Meditations on Noir

We use the French term noir because it was the French who first recognized the deeper social and philosophical work being performed in what were essentially considered commercial, or even “pulp,” crime novels. There’s a reason Albert Camus claimed his inspiration for The Stranger, his bleak novel of a disaffected murderer, drew its inspiration from James M. Cain’s noir classic The Postman Always Rings Twice. Both novels are existentialist masterpieces. With his dark trench coat and a cigarette dangling from his lips au bec, Camus looks the part of a brooding French philosopher. We expect him to be deeply psychological and of course he doesn’t disappoint us.
camus
By contrast, Cain looks every bit the bespectacled journalist he was, but he took sun-drenched Southern California as his milieu for darker explorations. He knew Los Angeles back when it seemed like paradise and you could still smell salty ocean air and the perfume of orange groves above the smog. But he also knew that pretty scenery doesn’t make humans behave any less horribly to each other. Even though we expect (and get) sordid crimes and wicked twist endings from Cain’s novels, we read them primarily for the brisk, satisfying plots and the unethical characters who come to bad ends.
 cain

Noir novels are the 20th-century version of gothic potboilers. These books take us behind the scenes of the trashy stories we see splashed across the covers of American tabloids. We expect the cheap titillation of tawdry sex and back-alley murders. We certainly don’t think of ourselves as embarking on heavy philosophical explorations of humanity’s place in a Godless universe. America doesn’t do philosophy, at least not that we’re willing to admit.

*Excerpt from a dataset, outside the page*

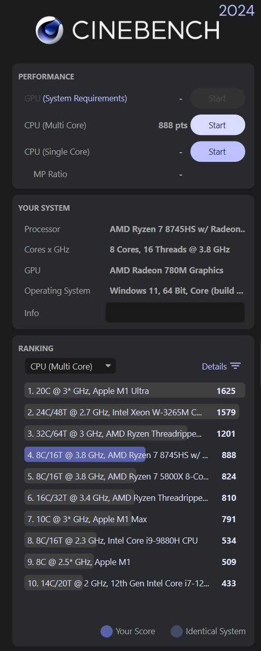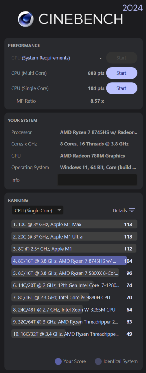 CineBench 24 дает в одноядерном тесте 104 балла и 4-ое место с уступкой призовых только камням от Apple, а многоядерный тест дает красивые 888 баллов и 4-ое место, только уже с более разнообразным пьедесталом победителей.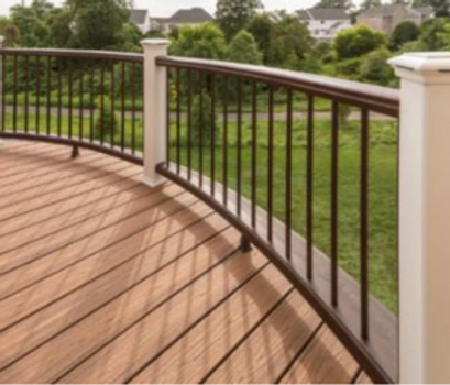 Trex Signature Railing: Made from powder-coated aluminum, it works with traditional and modern deck designs. It is available in neutral tones and carries a 25-year limited warranty. Balusters are available in round and square options. Railings can be custom curved to match the design of your deck. Cocktail rail can be installed as a surface for planters and drinks. Signature railing works well with all Trex decking and lighting!

However, Cain delivers with both barrels. He’s got one loaded with all trashiness the public has been primed to expect, and the other barrel is packed with the same unflinching self-examination practiced by Camus and Jean-Paul Sartre.

And it wasn’t just James M. Cain who wrote these sorts of things, though he did it first and best with his first three novels, a trifecta of noir brilliance – The Postman Always Rings Twice, Double Indemnity, and Mildred Pierce. But a whole host of other American noir writers emerged during the 30’s, 40’s, and 50’s. Proto-noirist Cornell Woolrich wrote not only a brilliant series of novels with Black in the title but also Rear Window, which Hitchcock adapted into his brilliantly claustrophobic film. After Cain, David Goodis found the most favor with French readers. In 1960, François Truffaut turned his novel Shoot the Piano Player into a brilliant film. The grande dame of noir, Patricia Highsmith wrote her Talented Mr. Ripley series as well as Strangers on a Train and countless other wicked gems. For a delicious taste of Highsmith’s genius for psycho-sexual tension, check out the underappreciated 2015 film Carol which adapts her 1952 novel The Price of Salt. Though his talent was uneven due to his bouts of alcoholism, Jim Thompson wrote a dozen or more indispensible noir classics, including The Killer Inside Me, Pop. 1280, The Grifters, Savage Night, and (my personal favorite) After Dark, My Sweet.

thompson

These authors were the luminaries, but many other noir writers emerged in this era. Some wrote quickly for money. Others had just one or two brilliant moments in the sun. Yet, prolific or not, they all still understood the basic premise of a bleak worldview they were promulgating. Living in the wake of World War I with all its fresh horrors, followed by the global grind of the Depression, and then emerging into what Charles Willeford called the “new forms of ugly” manifest during and after World War II with its twin horrors of the Holocaust and the atomic bomb.

In the face of all this, noir authors wrote what came naturally to them, gritty, grinding crime novels that tried to make sense of a world where God is dead, or at least sleeping. Noir became essential because it confronted the fact that we are ultimately alone in the universe. Worse, we no longer have any illusions that anything can save us from ourselves.